## Provided material
━━━━━━━━━━━━━━━━

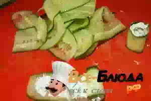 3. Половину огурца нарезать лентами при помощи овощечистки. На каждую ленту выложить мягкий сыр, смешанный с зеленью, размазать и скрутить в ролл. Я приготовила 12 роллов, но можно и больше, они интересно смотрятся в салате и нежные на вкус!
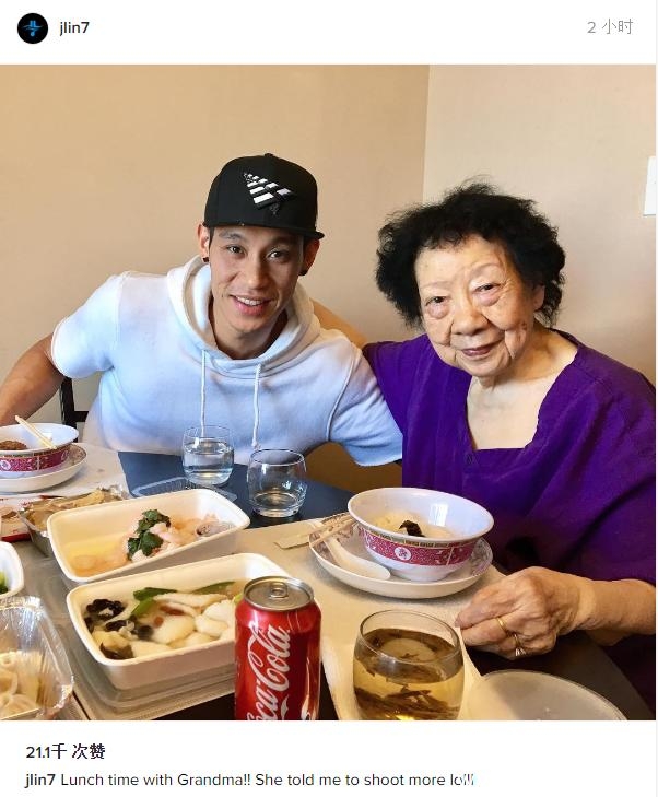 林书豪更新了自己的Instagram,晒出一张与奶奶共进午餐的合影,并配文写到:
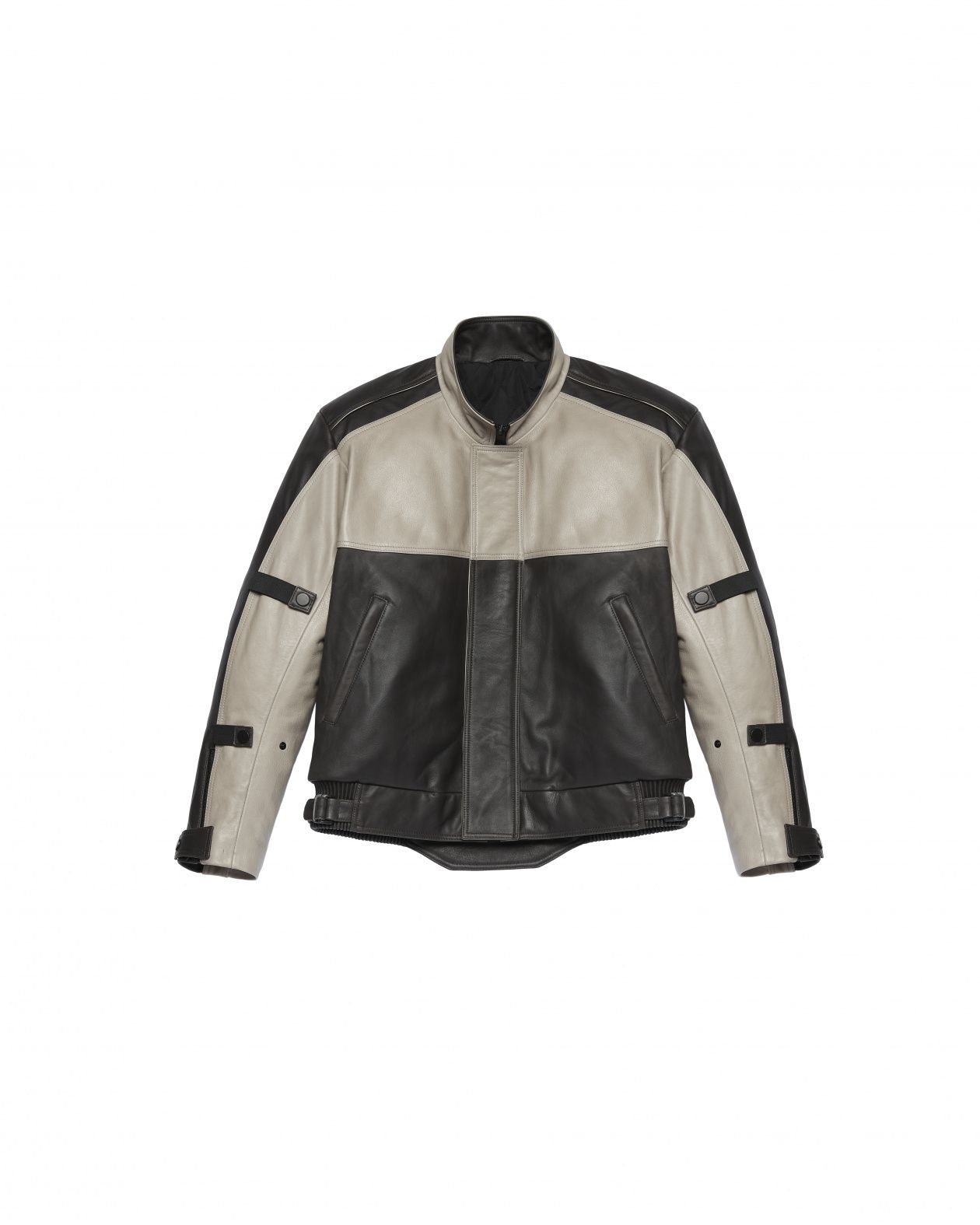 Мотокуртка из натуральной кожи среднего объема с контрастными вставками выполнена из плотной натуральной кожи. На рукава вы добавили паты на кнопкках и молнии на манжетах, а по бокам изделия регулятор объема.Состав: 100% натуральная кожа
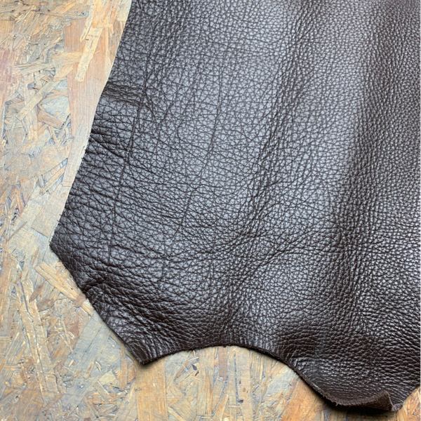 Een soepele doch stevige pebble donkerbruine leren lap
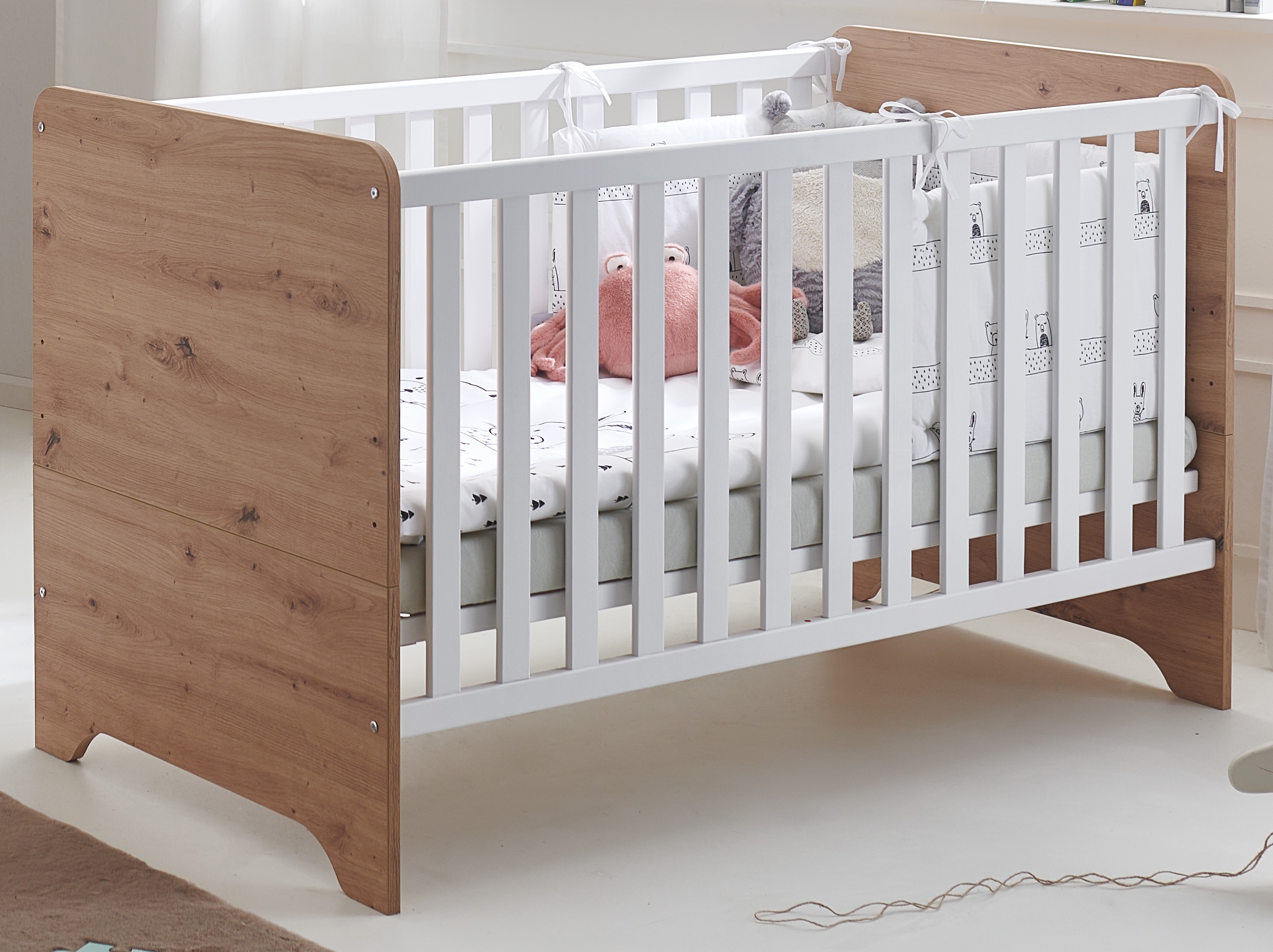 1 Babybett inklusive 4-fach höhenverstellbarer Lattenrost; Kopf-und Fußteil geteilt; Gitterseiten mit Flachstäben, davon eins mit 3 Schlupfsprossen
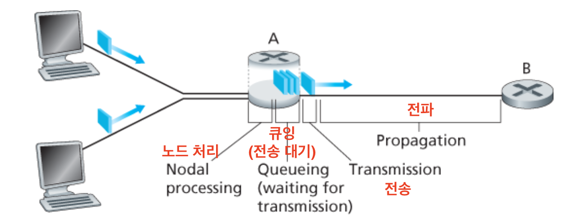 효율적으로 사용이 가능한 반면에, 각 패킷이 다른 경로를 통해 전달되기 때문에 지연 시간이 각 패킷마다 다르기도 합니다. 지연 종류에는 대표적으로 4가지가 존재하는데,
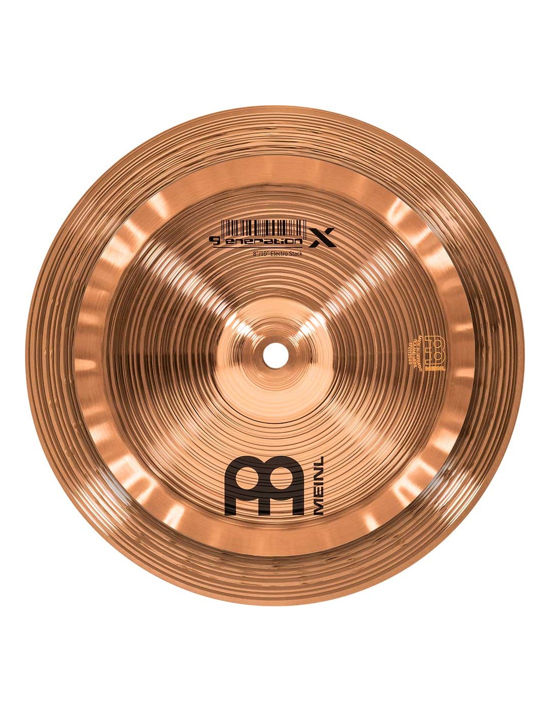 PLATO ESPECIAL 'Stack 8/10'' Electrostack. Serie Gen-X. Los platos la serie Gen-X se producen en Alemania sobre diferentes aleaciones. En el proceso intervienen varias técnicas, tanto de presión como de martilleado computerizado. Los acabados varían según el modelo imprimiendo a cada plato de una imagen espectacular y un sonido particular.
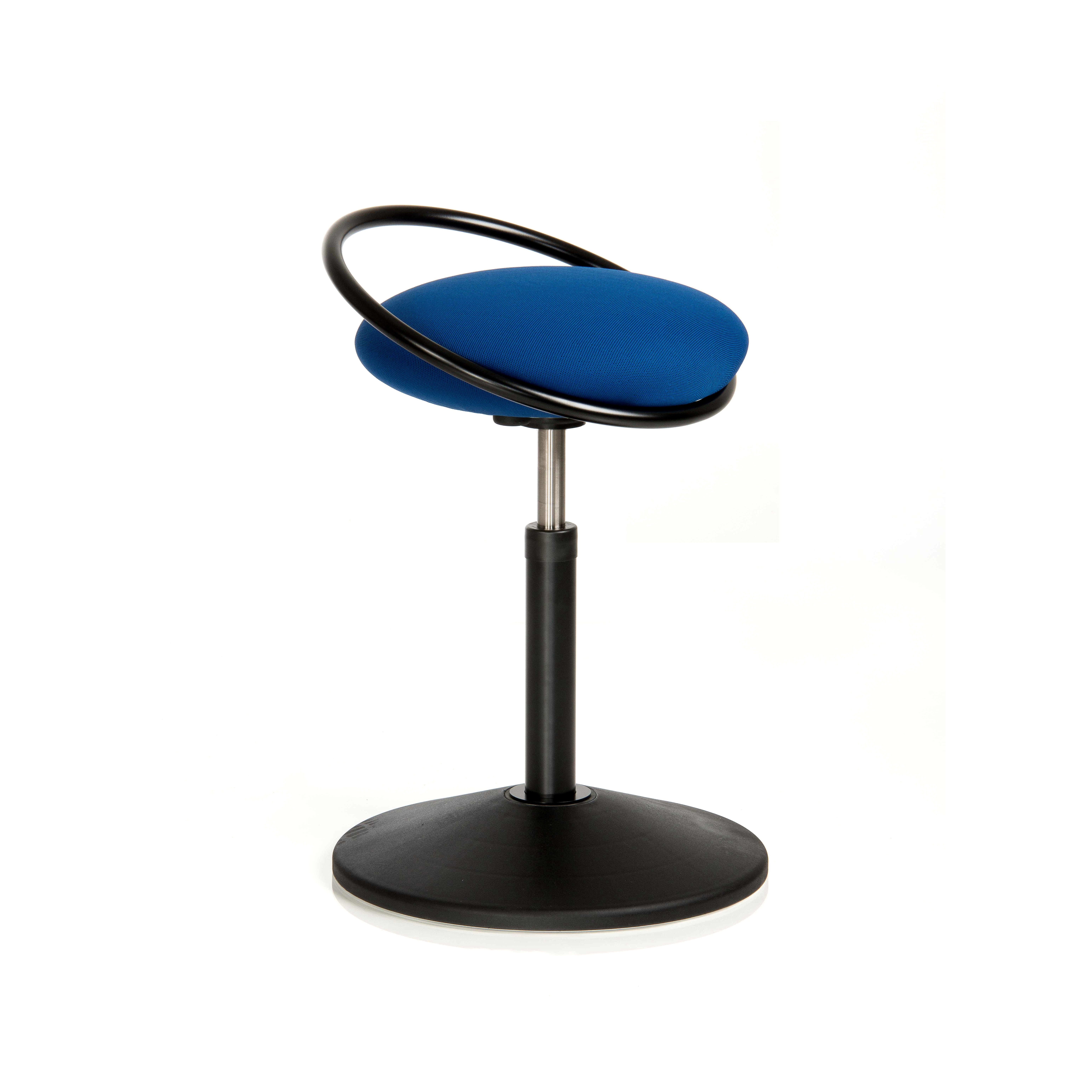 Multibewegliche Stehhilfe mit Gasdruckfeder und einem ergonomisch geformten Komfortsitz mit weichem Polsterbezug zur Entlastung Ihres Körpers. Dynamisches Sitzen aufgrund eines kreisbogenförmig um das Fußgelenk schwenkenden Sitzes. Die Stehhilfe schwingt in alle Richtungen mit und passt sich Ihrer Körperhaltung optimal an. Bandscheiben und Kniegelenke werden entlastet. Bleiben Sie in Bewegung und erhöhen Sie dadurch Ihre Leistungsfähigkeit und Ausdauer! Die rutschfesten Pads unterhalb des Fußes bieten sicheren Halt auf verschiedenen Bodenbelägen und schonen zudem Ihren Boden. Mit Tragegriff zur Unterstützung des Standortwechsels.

━━━━━━━━━━━━━━━━

## Aim of the exercise
Please write out exactly the lines from the one holding "효율적으로 사용이 가능한" through the last line of the material above, both included, as a copy without pictures.

## Result of the exercise
 효율적으로 사용이 가능한 반면에, 각 패킷이 다른 경로를 통해 전달되기 때문에 지연 시간이 각 패킷마다 다르기도 합니다. 지연 종류에는 대표적으로 4가지가 존재하는데,
 PLATO ESPECIAL 'Stack 8/10'' Electrostack. Serie Gen-X. Los platos la serie Gen-X se producen en Alemania sobre diferentes aleaciones. En el proceso intervienen varias técnicas, tanto de presión como de martilleado computerizado. Los acabados varían según el modelo imprimiendo a cada plato de una imagen espectacular y un sonido particular.
 Multibewegliche Stehhilfe mit Gasdruckfeder und einem ergonomisch geformten Komfortsitz mit weichem Polsterbezug zur Entlastung Ihres Körpers. Dynamisches Sitzen aufgrund eines kreisbogenförmig um das Fußgelenk schwenkenden Sitzes. Die Stehhilfe schwingt in alle Richtungen mit und passt sich Ihrer Körperhaltung optimal an. Bandscheiben und Kniegelenke werden entlastet. Bleiben Sie in Bewegung und erhöhen Sie dadurch Ihre Leistungsfähigkeit und Ausdauer! Die rutschfesten Pads unterhalb des Fußes bieten sicheren Halt auf verschiedenen Bodenbelägen und schonen zudem Ihren Boden. Mit Tragegriff zur Unterstützung des Standortwechsels.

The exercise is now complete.